[To do]: Please retype all of the following entries exactly.

[Data for the task]:
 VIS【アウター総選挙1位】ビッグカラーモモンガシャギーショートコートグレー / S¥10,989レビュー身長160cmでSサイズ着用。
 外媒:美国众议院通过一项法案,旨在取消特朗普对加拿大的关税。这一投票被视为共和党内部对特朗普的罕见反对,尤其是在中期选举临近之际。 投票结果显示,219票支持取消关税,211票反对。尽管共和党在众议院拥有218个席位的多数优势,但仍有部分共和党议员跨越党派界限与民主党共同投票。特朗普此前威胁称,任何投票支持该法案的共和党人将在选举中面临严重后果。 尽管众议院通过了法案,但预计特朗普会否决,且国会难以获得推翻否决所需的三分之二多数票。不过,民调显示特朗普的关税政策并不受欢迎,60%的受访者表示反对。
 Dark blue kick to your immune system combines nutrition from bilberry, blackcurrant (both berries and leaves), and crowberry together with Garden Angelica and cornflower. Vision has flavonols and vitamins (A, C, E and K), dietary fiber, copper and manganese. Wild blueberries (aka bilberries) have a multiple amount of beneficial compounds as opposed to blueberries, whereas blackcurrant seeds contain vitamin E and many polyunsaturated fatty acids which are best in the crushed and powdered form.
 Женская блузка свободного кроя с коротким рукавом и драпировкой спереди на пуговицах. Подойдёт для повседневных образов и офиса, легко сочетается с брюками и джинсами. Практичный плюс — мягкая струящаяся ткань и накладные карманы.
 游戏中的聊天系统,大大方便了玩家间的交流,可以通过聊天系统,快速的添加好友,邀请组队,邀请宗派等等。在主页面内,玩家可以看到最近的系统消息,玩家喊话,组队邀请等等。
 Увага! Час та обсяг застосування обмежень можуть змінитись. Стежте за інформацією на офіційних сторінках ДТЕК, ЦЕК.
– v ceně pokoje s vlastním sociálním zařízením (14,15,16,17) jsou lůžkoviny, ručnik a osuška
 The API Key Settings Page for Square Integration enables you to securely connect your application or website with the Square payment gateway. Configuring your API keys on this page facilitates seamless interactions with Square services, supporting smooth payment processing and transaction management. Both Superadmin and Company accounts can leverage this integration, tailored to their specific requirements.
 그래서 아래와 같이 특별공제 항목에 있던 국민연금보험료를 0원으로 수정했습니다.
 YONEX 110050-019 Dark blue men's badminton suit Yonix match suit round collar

[Solution to the problem]:
 VIS【アウター総選挙1位】ビッグカラーモモンガシャギーショートコートグレー / S¥10,989レビュー身長160cmでSサイズ着用。
 外媒:美国众议院通过一项法案,旨在取消特朗普对加拿大的关税。这一投票被视为共和党内部对特朗普的罕见反对,尤其是在中期选举临近之际。 投票结果显示,219票支持取消关税,211票反对。尽管共和党在众议院拥有218个席位的多数优势,但仍有部分共和党议员跨越党派界限与民主党共同投票。特朗普此前威胁称,任何投票支持该法案的共和党人将在选举中面临严重后果。 尽管众议院通过了法案,但预计特朗普会否决,且国会难以获得推翻否决所需的三分之二多数票。不过,民调显示特朗普的关税政策并不受欢迎,60%的受访者表示反对。
 Dark blue kick to your immune system combines nutrition from bilberry, blackcurrant (both berries and leaves), and crowberry together with Garden Angelica and cornflower. Vision has flavonols and vitamins (A, C, E and K), dietary fiber, copper and manganese. Wild blueberries (aka bilberries) have a multiple amount of beneficial compounds as opposed to blueberries, whereas blackcurrant seeds contain vitamin E and many polyunsaturated fatty acids which are best in the crushed and powdered form.
 Женская блузка свободного кроя с коротким рукавом и драпировкой спереди на пуговицах. Подойдёт для повседневных образов и офиса, легко сочетается с брюками и джинсами. Практичный плюс — мягкая струящаяся ткань и накладные карманы.
 游戏中的聊天系统,大大方便了玩家间的交流,可以通过聊天系统,快速的添加好友,邀请组队,邀请宗派等等。在主页面内,玩家可以看到最近的系统消息,玩家喊话,组队邀请等等。
 Увага! Час та обсяг застосування обмежень можуть змінитись. Стежте за інформацією на офіційних сторінках ДТЕК, ЦЕК.
– v ceně pokoje s vlastním sociálním zařízením (14,15,16,17) jsou lůžkoviny, ručnik a osuška
 The API Key Settings Page for Square Integration enables you to securely connect your application or website with the Square payment gateway. Configuring your API keys on this page facilitates seamless interactions with Square services, supporting smooth payment processing and transaction management. Both Superadmin and Company accounts can leverage this integration, tailored to their specific requirements.
 그래서 아래와 같이 특별공제 항목에 있던 국민연금보험료를 0원으로 수정했습니다.
 YONEX 110050-019 Dark blue men's badminton suit Yonix match suit round collar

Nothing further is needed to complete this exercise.